Mientras andábamos por las calles desiertas, Gordon lanzó repentinamente una salvaje maldición.
—¡Estamos siguiendo un auténtico laberinto que no lleva a ninguna parte! ¡Aquí, en el mismo corazón de una metrópolis civilizada, el enemigo más directo de esa civilización comete crímenes de la más repugnante naturaleza y sigue libre! Somos como niños perdidos en la noche, luchando contra un mal invisible..., teniendo que vérnoslas con un demonio hecho persona, de cuya verdadera identidad nada sabemos y sobre cuyas auténticas ambiciones sólo podemos hacer conjeturas.
»Nunca hemos logrado arrestar a uno de los esbirros de confianza del egipcio, y los escasos secuaces y servidores suyos que hemos logrado hacer prisioneros han muerto misteriosamente antes de que pudiesen contarnos nada. Insisto: ¿Qué extraño poder posee Kathulos para dominar a esos hombres de credos y razas tan distintas? Los hombres que se hallan con él en Londres son, por supuesto, en su mayoría, renegados, esclavos de la droga, pero sus tentáculos se extienden por todo el Este. Su dominio es grande: el poder que hizo volver atrás a Li Kung, el chino, para matarle a usted enfrentándose a una muerte segura; el que envió a Yar Kahn, el musulmán, sobre los tejados de Londres para cometer un crimen; el que retiene a Zuleika, la circasiana, bajo sus invisibles lazos de esclavitud.
«Sabemos, por supuesto —prosiguió, tras un silencio meditativo—, que el Este posee sociedades secretas que se hallan detrás y por encima de todo credo. Hay cultos en África y en el Oriente cuyo origen se remonta a Ofir y el hundimiento de la Atlántida. Ese hombre debe ser una potencia en alguna o, posiblemente, en todas esas sociedades. ¡Pero si, aparte de los judíos, no conozco ninguna raza oriental que no sea tan despreciada por las otras razas orientales como la de los egipcios! Y, pese a todo, aquí tenemos a un hombre, un egipcio según él mismo dice, controlando las vidas y los destinos de musulmanes ortodoxos, hindúes, sintoístas y adoradores del diablo. Es antinatural.

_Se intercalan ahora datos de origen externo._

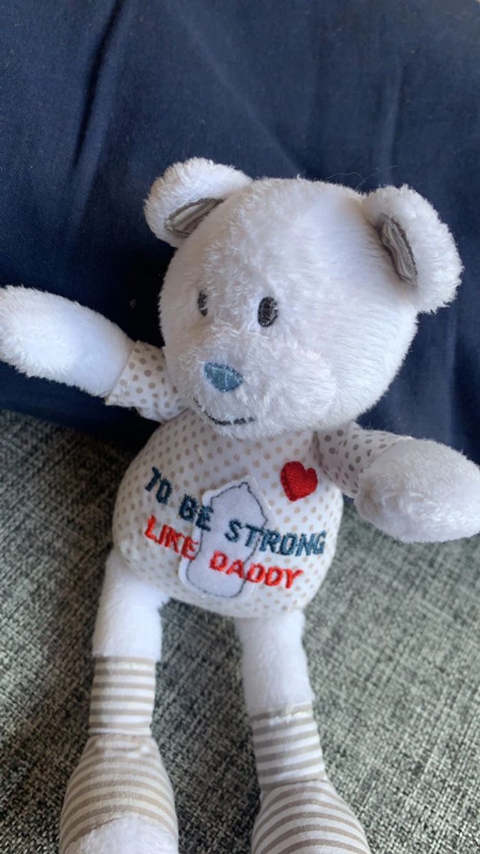 Doudou ourson blanc à rayures - To be strong Like Daddy - Tape à l’œil - photo numéro 4
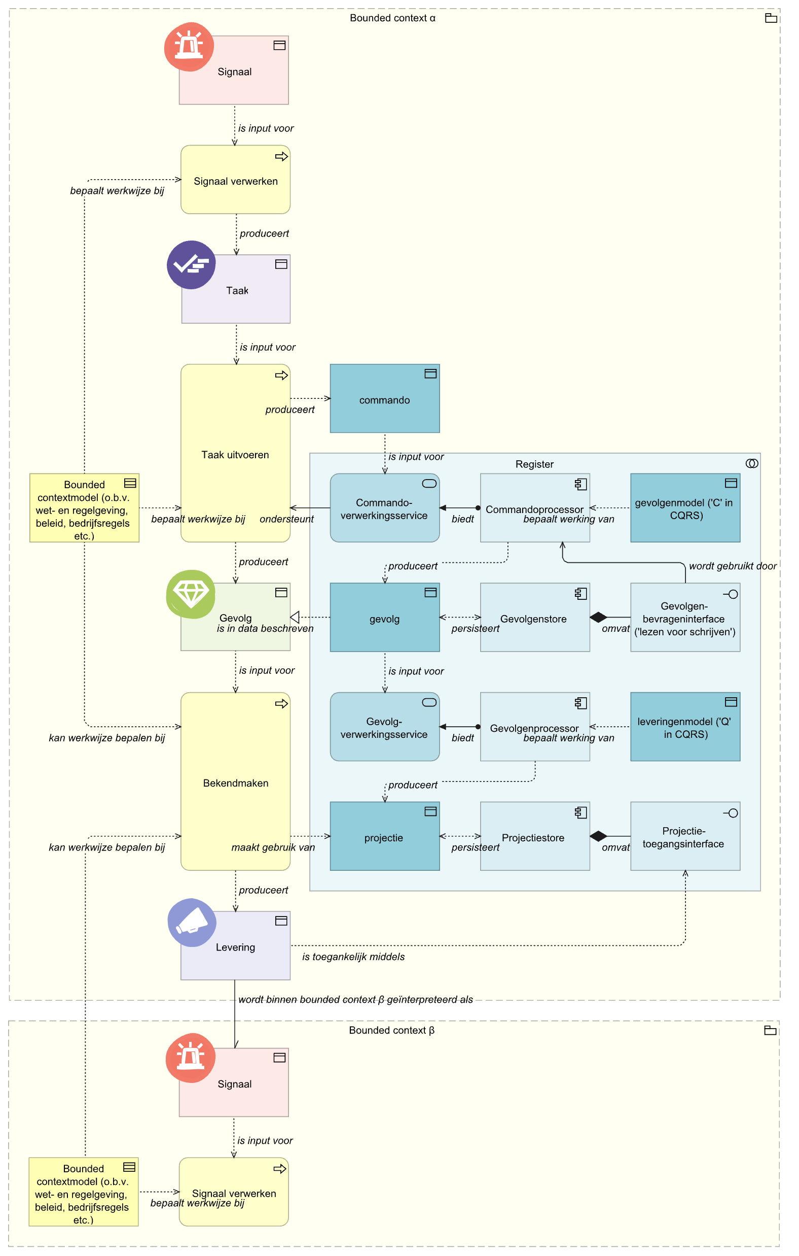 Het verwerken van signalen kan uiteraard ook applicatief ondersteund en eventueel geautomatiseerd worden. Dit geldt zeker als een signaal in de vorm van een notificatie wordt ontvangen. Omdat zo'n notificatie (ten opzichte van het register) veelal van buiten de 'eigen' bounded context afkomstig is, en vanuit het register dus geen controle bestaat over de vorm en inhoud daarvan, beschouwen we de elementen in de applicatiearchitectuur die hiervoor nodig zijn niet als onderdeel van het register. Deze elementen zijn daarom hierboven niet geïllustreerd. Wel verdient dit expliciete aandacht, zoals ook beschreven bij contextovergangen.
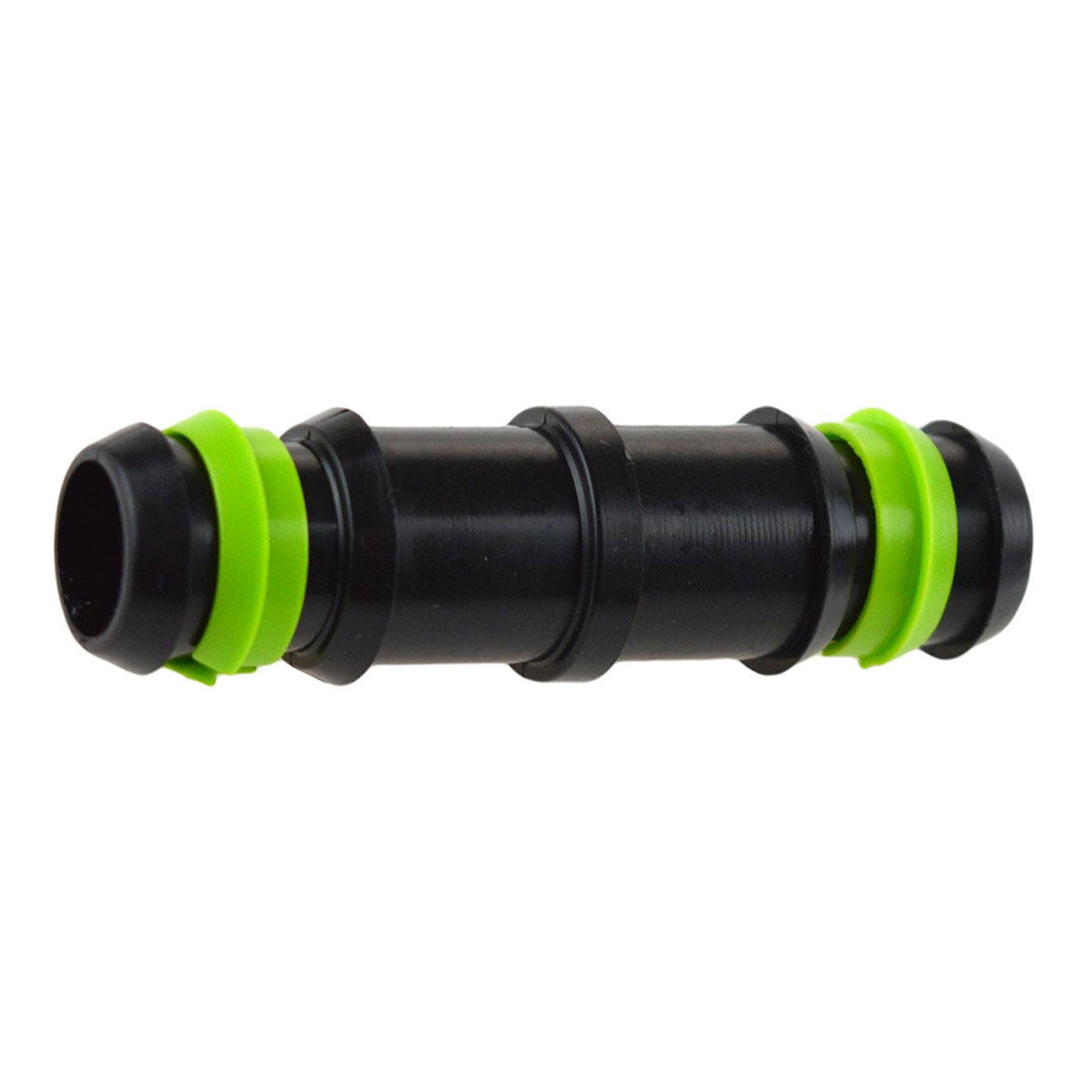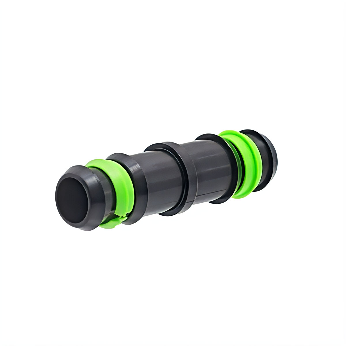 Manicotto giunzione con anello di sicurezza diametro 20 mm. Raccordo per un collegamento ultraresistente tra linee gocciolanti e tubi in PE fino a 4 bar. Basta far scorrere il tubo sul raccordo e il gioco è fatto. Il tubo non può essere staccato dal raccordo in seguito. È impermeabile, facile da installare e offre una tenuta extra forte. Il raccordo è resistente all’usura e durevole. Caratteristiche: – Colore: Nero con anello verde. – Materiale: PP (polipropilene). – Collegamento: Nipplo a innesto. – Diametro: 20 mm. – Campo di pressione consigliato: Max. 4 bar.

»¿Ha oído alguna vez —dijo, volviéndose de pronto hacia mí—, mencionar el océano en conexión a Kathulos?
—Nunca.
—¡Hay una superstición muy extendida en el norte de África, basada en una leyenda muy antigua, según la cual el gran líder de las razas de color saldrá del mar! Y, una vez, oí hablar a un berebere del Escorpión como «El Hijo del Océano».
—Ese es un término respetuoso entre esa tribu, ¿no?
—Sí; pero sigo pensando en ello de vez en cuando.